Using single subject research design, we performed pilot research to evaluate the safety and efficacy of famotidine for the treatment of children with autistic spectrum disorders. We studied 9 Caucasian boys, 3.8-8.1 years old, with a DSM-IV diagnosis of a pervasive developmental disorder, living with their families, receiving no chronic medications, and without significant gastrointestinal symptoms. The dose of oral famotidine was 2 mg/kg/day (given in two divided doses); the maximum total daily dose was 100 mg. Using single-subject research analysis and medication given in a randomized, double-blind, placebo-controlled, cross-over design, 4 of 9 children randomized (44%) had evidence of behavioral improvement. Primary efficacy was based on data kept by primary caregivers, including a daily diary; daily visual analogue scales of affection, reciting, or aspects of social interaction; Aberrant Behavior Checklists (ABC, Aman); and Clinical Global Improvement scales. Children with marked stereotypy (meaningless, repetitive behaviors) did not respond. Our subjects did not have prominent gastrointestinal symptoms and endoscopy was not part of our protocol; thus, we cannot exclude the possibility that our subjects improved due to the effective treatment of asymptomatic esophagitis. The use of famotidine for the treatment of children with autistic spectrum disorders warrants further investigation.

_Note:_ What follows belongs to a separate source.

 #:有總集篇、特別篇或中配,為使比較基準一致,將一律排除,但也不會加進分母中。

Several important conclusions can be drawn based on a few hours of research on Google Scholar.
·         Your child may be subject to an allergic response that is outwardly hardly visible

·         The allergic response may be visible first as challenging autistic-like behaviour, rather than sneezing, runny nose, red eyes or wheezing

·         H1 antagonists can supress both the autistic-like behaviours and the typical allergic reactions

·         People do not all react the same way to H1 antagonist drugs.  A little experimentation is in order.  A drug that should work 24 hours can be effective for only 4 hours.

·         To avoid excessive use and possible side effects, allergists often combine different H1 antagonists, even though the information from the drug firm warns not to do this.

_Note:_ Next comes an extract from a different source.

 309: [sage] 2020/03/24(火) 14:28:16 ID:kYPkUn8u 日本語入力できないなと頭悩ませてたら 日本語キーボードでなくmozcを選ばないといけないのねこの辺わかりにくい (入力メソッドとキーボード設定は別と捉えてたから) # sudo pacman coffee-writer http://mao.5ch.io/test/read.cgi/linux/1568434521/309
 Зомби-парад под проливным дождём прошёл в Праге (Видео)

·         In some people the old H1 antagonists, that make you drowsy, work better than the new 2nd and 3rd generation drugs.

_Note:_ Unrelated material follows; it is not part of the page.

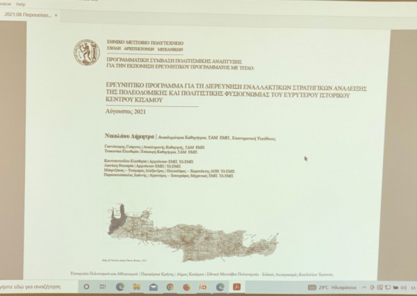 Στο πλαίσιο αυτό έγινε ενημερωτική συνάντηση στα πλαίσια της έναρξης υλοποίησης του «Ερευνητικού Προγράμματος για την Διερεύνηση Εναλλακτικών Στρατηγικών Ανάδειξης της Πολεοδομικής και Πολιτιστικής Φυσιογνωμίας του Ευρύτερου Ιστορικού Κέντρου Κισάμου».

·         One old H1 antagonist called Ketotifen, seems to work wonders for some people.  It is both a mast cell stabilizer and a histamine receptor blocker.

I have ended up with a combination of Ketotifen and Claritin.  Claritin has an effect on behaviour within 20 minutes, Ketotifen had no apparent impact in the short term whatsoever.   You cannot keep giving Claritin every 4 hours.  It is supposed to be 10ml per day.
The day after taking Ketotifen things did change, and without having to overuse the Claritin.  The allergy is still mildly visible, but the challenging behaviours have gone.

I wish I had known about this last summer.  When Monty was aged 9, he went completely berserk on an aircraft and so as to restrain him, I was almost sitting on top of him, holding arms, legs and head; the flight attendant was asking if he would like a glass of water.  This year I will be well prepared with my Ketotifen/Claritin combo and anticipate no such problems.